Wednesday, January 31, 2024



New York Jewish schools welcome Israeli children after October 7 horror: ‘Light in the dark time.’

When Stephanie Cramer left her home in southern Israel for New York City three days after the October, 7, Hamas attack desperate to seek safety, she also had to find a school for her three-year-old daughter.

Luckily a friend told her that Rabbi Arthur Schneier Park East Day School on the Upper East Side was offering to enroll children from Israeli families — and Yarzen, 3, found a classroom, with the school waiving her $30,000-a-year tuition.

She was not alone.

At least 168 Israeli students have been placed in 22 private Jewish day schools in New York City, Westchester and Long Island following the Hamas massacre, according to the United Jewish Appeal-Federation of Jewish Philanthropy of New York (UJA).

And Jewish day schools across the country have seen a historic uptick in enrollment as more than 1,000 temporary Israeli students sought safety, according to the Enrollment Trend Report released earlier this month by Prizmah, Center for Jewish Day Schools.

The schools have also seen an uptick in demand from US parents transferring children from public schools since the Oct. 7 attacks, with 32% of those who moved children saying it was because of their previous schools’ response to the terrorist attacks.

Cramer, 30, who is also a U.S. citizen, left her husband, Erez, 30, who was deployed to Gaza to fight in Israel and brought their daughters Yarzen and 1-year-old Arava, to stay with her father in Hell’s Kitchen and feared finding a place for Yarzen would be difficult.

“I assumed it would be more complicated to find them a school mid-year,” said Cramer, who met her husband when they both served in the IDF.

“The moment I reached out they returned my call. The following day we came to see the school and the next day my 3-year-old started class in the early childhood development program.”

Rabbi Arthur Schneier Park East Day School (RASPEDS) welcomed 22 students from Israeli families following Oct. 7, after it sent out a memo to parents alerting them to their Open Doors Policy to Displaced Israeli Families.
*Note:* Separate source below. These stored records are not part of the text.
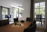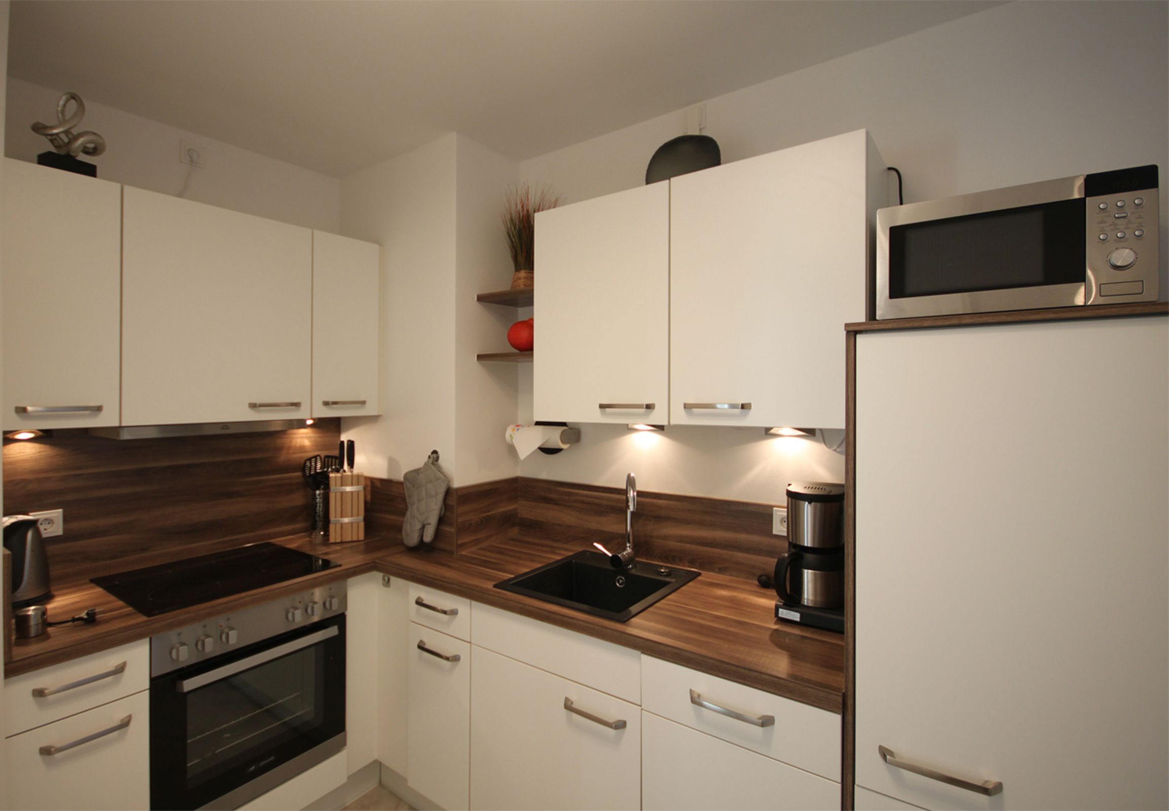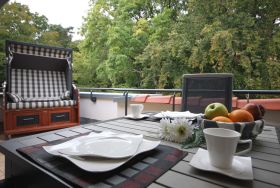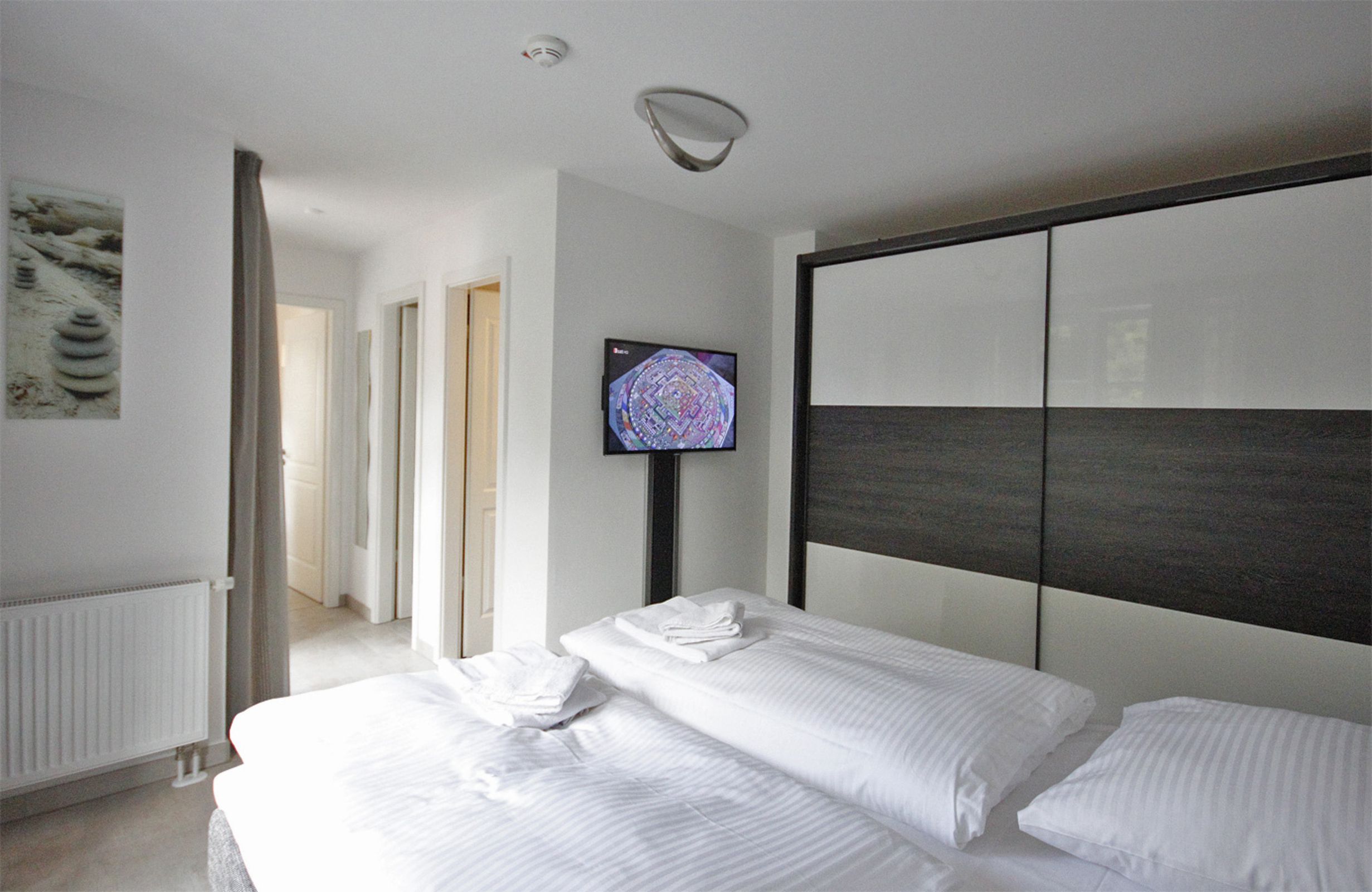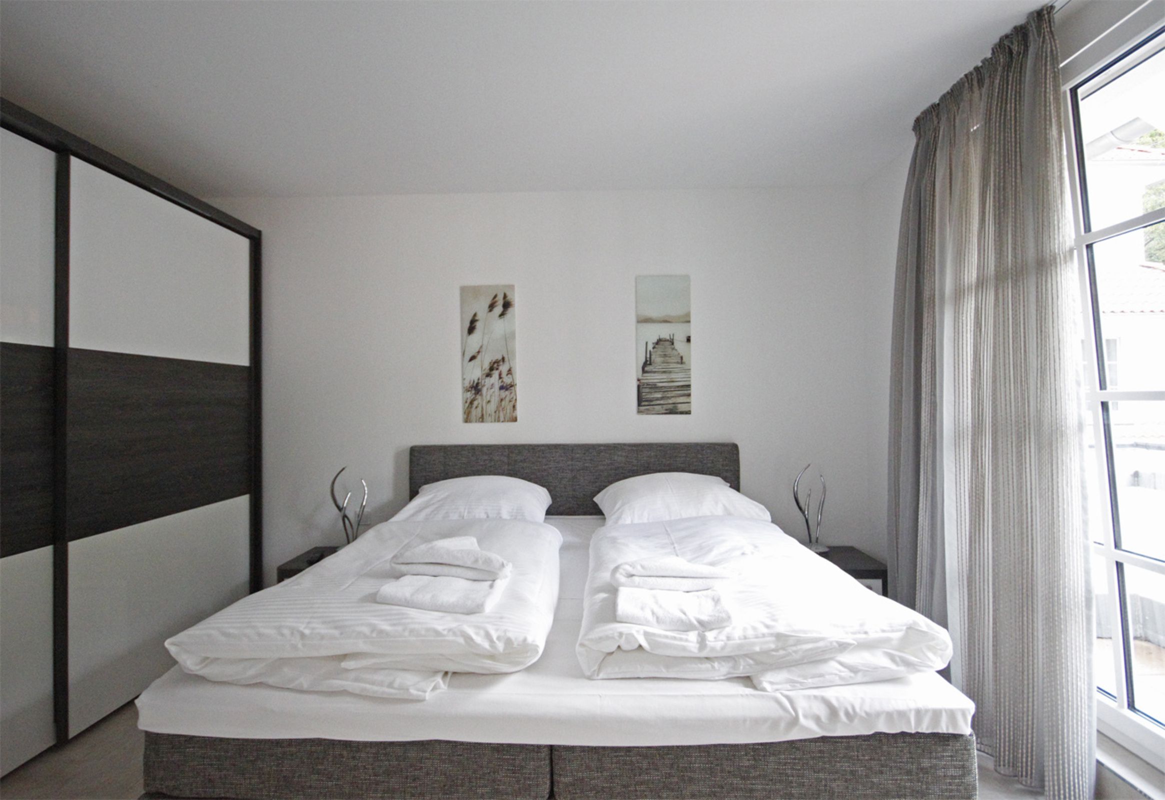 Wohnung mit Sonnendecks: Die gleichnamige Ferienwohnung ist ein wahres Luxus-Objekt. Mit einer Wohnfläche von 75 Quadratmetern, zwei Balkonen, einem Gäste-WC und einem Strandkorb im Außenbereich bietet die Wohnung Sonnendeck die perfekte Ausstattung für bis zu vier Personen. Das separate Schlafzimmer mit Doppelbett, TV und Kleiderschrank hat zwei Schlafplätze. Weitere zwei Personen können auf dem Schlafsofa im Wohn-/Essbereich übernachten, wo ebenfalls ein Fernsehgerät aufgestellt ist. Die Wohnung, die sich im dritten Obergeschoss befindet, hat einen großzügig möblierten Balkon mit Strandkorb und einen kleineren zweiten Balkon. Beide sind in Richtung Kiefernwald gelegen. Die Unterkunft ist für vier Personen eingerichtet, der Essbereich sogar für fünf. In der Küchenzeile finden Sie einen Vier-Plattenherd mit Cerankochfeld und Backofen, einen Kühlschrank, eine Mikrowelle, eine Spülmaschine sowie einen Toaster und eine Kaffeemaschine vor.
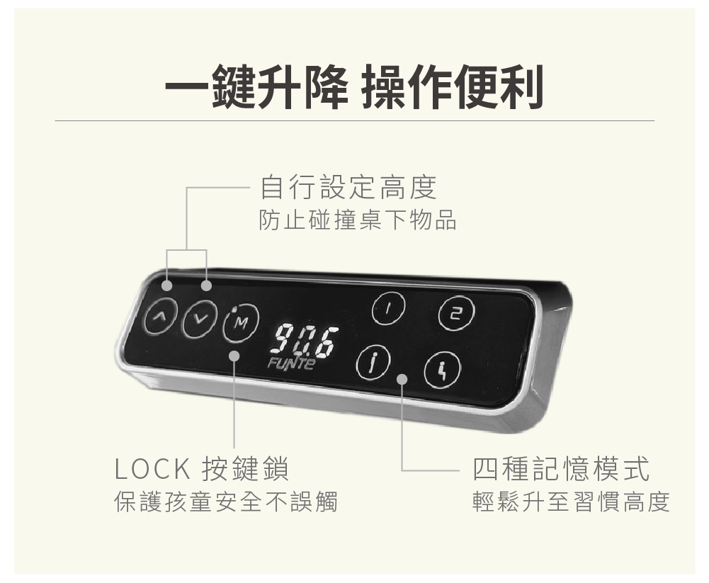 四段記憶模式,可記憶四種不同坐站高度
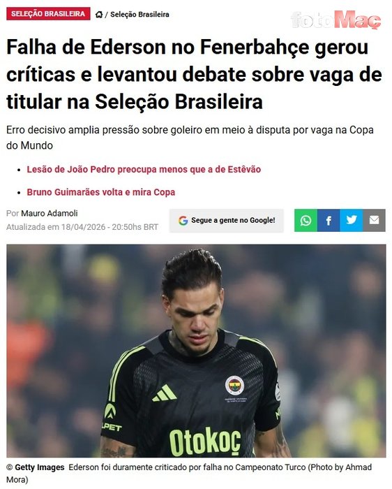 Son dakika Fenerbahçe haberleri: Trendyol Süper Lig’in 30. haftasında sahasında Çaykur Rizespor ile uzatma dakikalarında yediği golle 2-2 berabere kalan Fenerbahçe’de eleştiri okları Ederson’a çevrildi. Yaptığı hata sonrası takımının gol yemesine sebebiyet vererek sarı-lacivertlilerin tepkisini çeken Brezilyalı file bekçisi, ülkesinde de krize neden oldu. İşte detaylar… (fotomac.com.tr/DIŞ HABERLER)
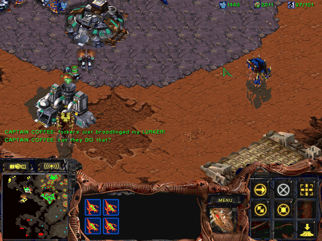 | A conga-line of Zerglings meets the Three Billy Goats Gruff. |

“A lot of the schools [in Israel] had shut down right after the war began. Parents didn’t want their kids to be in lockdown again like during COVID,” Debbie Rochlin, principal of Rabbi Arthur Schneier Park East Day School, told The Post.
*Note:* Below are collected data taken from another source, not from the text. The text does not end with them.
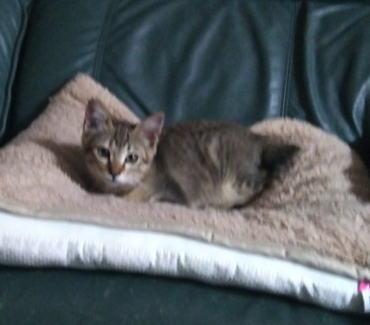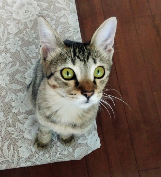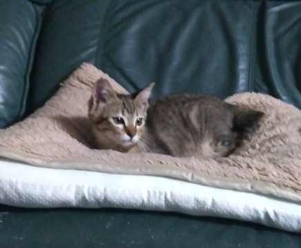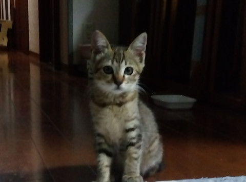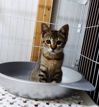 保護初日にトイレとベッドの区別が 出来た非常に賢い子。 食いしん坊。カリカリもウェットも スープも大好きです。大人猫並みに良く食べます。
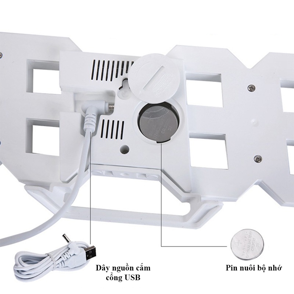 LUU Ý : PIN CỦA ĐỒNG HỒ CHỈ CÓ CHỨC NĂNG LUU GIỮ CÀI ĐẶT, ĐỒNG HỒ VẪN PHẢI CẮM ĐIỆN (đồng hồ được tặng kèm dây cáp và tờ hướng dẫn) (tặng kèm theo củ sạc 5V)
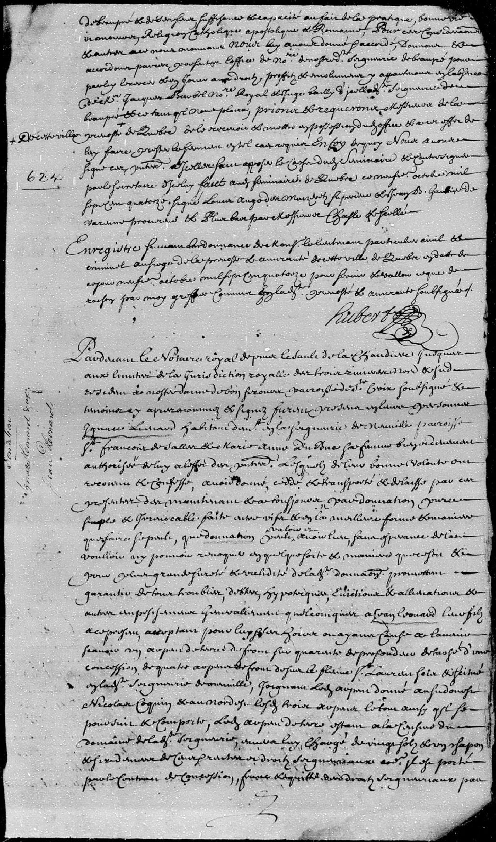 Donation d'une terre sise et située en la seigneurie de Neuville, par Ignace Léonard, habitant demeurant en la susdite seigneurie, paroisse Saint-François-de-Sales, et Marie-Anne Dubuc, sa femme; à Jean Léonard, leur fils; ladite donation est passée pardevant maître Dehorné (Dehornay), notaire royal depuis le sault de la Chaudière jusqu'aux limites de la Juridiction des Trois-Rivières

“Some parents felt they wanted to come to New York and have their children in a safe place.

“Our doors were open, and we were ready to provide a warm, nurturing environment for these students, ensuring that they can continue their academic journey without interruption.”
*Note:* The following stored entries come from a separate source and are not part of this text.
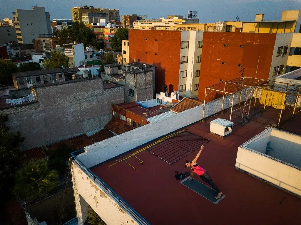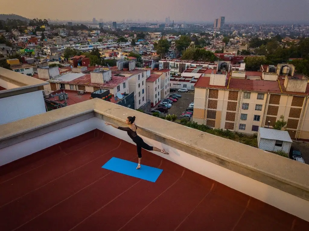 Para Diana, la azotea ya era un espacio de uso habitual, durante esta cuarentena, no dudó en regresar a practicar yoga ahí.Foto: Notimex/ Isaac Esquivel
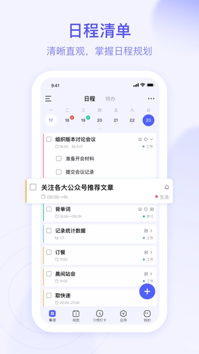 用户可以借助手机接收每日任务提醒,从而更方便地提前安排各项事务。
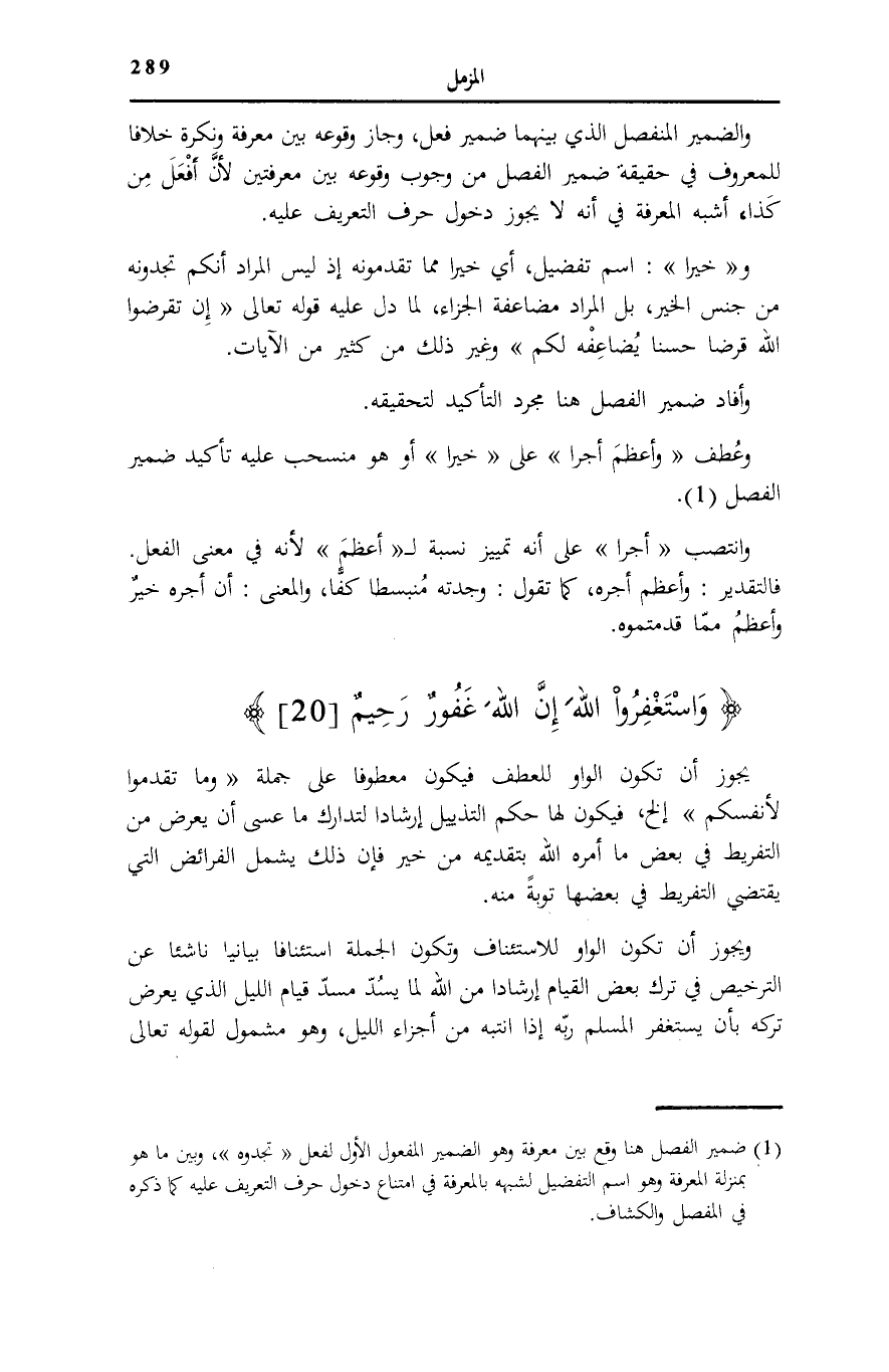 (¬1) ضمير الْفَصْل هُنَا وَقع بَين معرفَة وَهُوَ الضَّمِير الْمَفْعُول الأول لفعل «تَجِدُوهُ» ، وَبَين مَا هُوَ بِمَنْزِلَة الْمعرفَة وَهُوَ اسْم التَّفْضِيل لشبهه بالمعرفة فِي امْتنَاع دُخُول حرف التَّعْرِيف عَلَيْهِ كَمَا ذكره فِي «الْمفصل» «والكشاف» .
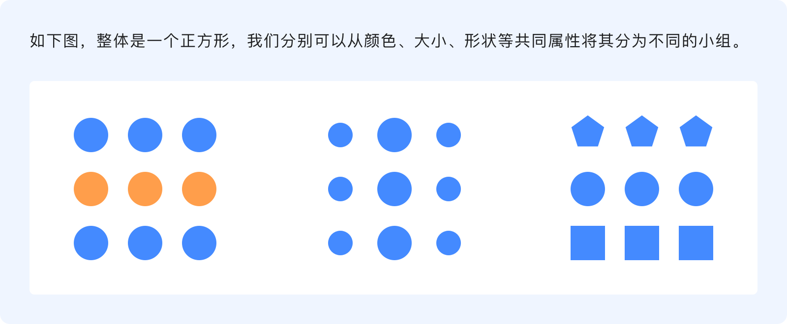 接近性原則指出,物體之間的相對(duì)距離會(huì)影響我們感知它們的關(guān)系,元素之間越是接近,組合在一起的可能性就越大,會(huì)被看作成一個(gè)整體,反之那些距離較遠(yuǎn)的則自動(dòng)劃分到組外。

Rochlin says her faculty streamlined the admissions process by waiving all fees as well as tuition, and providing mental health counseling to students in need. Third grade, she noted, saw a particular uptick in Israeli students transferring in.

“It’s difficult in general for children to enter any school mid-year, let alone a foreign one, but our teachers and students embraced them,” Rochlin said.

Other schools which have enrolled Israeli children include Manhattan Day School on the Upper West Side, The Ramaz School on the Upper East Side, Luria Academy of Brooklyn and Westchester Day School.

Jewish day schools across the country have seen a historic uptick in enrollment as more than 1,000 temporary Israeli students sought safety, according to the Enrollment Trend Report released earlier this month by Prizmah, Center for Jewish Day Schools.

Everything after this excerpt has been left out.